Seriously? I knew it was a money making enterprise but I couldn't understand how it was making money. That makes sense. I remember when 50 people was normal for this ride.


----------



## Bocephus Jones II (Oct 7, 2004)

FrontRanger said:


> Seriously? I knew it was a money making enterprise but I couldn't understand how it was making money. That makes sense. I remember when 50 people was normal for this ride.


Yup...I think they also sell costumes and accessories that match the theme. They also tend to steal Boulder's themes. 

Boulder Cruiser Ride


----------



## flinkazoid (Apr 24, 2012)

FrontRanger said:


> Seriously? I knew it was a money making enterprise but I couldn't understand how it was making money. That makes sense. I remember when 50 people was normal for this ride.

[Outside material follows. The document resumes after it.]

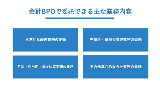 会計BPOサービスでは、企業の経理・会計に関する多岐にわたる業務を委託することが可能です。ここでは、代表的な委託可能業務を紹介します。

Stay AWAY from the Denver Cruisers. My friends and I have had some bad experiences with them. A group of pretentious punks.


----------



## FrontRanger (May 19, 2004)

flinkazoid said:


> Stay AWAY from the Denver Cruisers. My friends and I have had some bad experiences with them. A group of pretentious punks.


Been out a number of times and sure it is crazy but if you just do your own thing.......

Care to share some of those experiences? Just curious.


----------



## flinkazoid (Apr 24, 2012)

FrontRanger said:


> Been out a number of times and sure it is crazy but if you just do your own thing.......
> 
> Care to share some of those experiences? Just curious.


The point of being a part of a group it to feel like a part of the group. The cruisers not only function as a clique (but in their mid-30's, not high school), but seem to be pretty dysfunction-ally alcoholic too. You can do just as much damage riding your bike black-out drunk as you can driving your car.


----------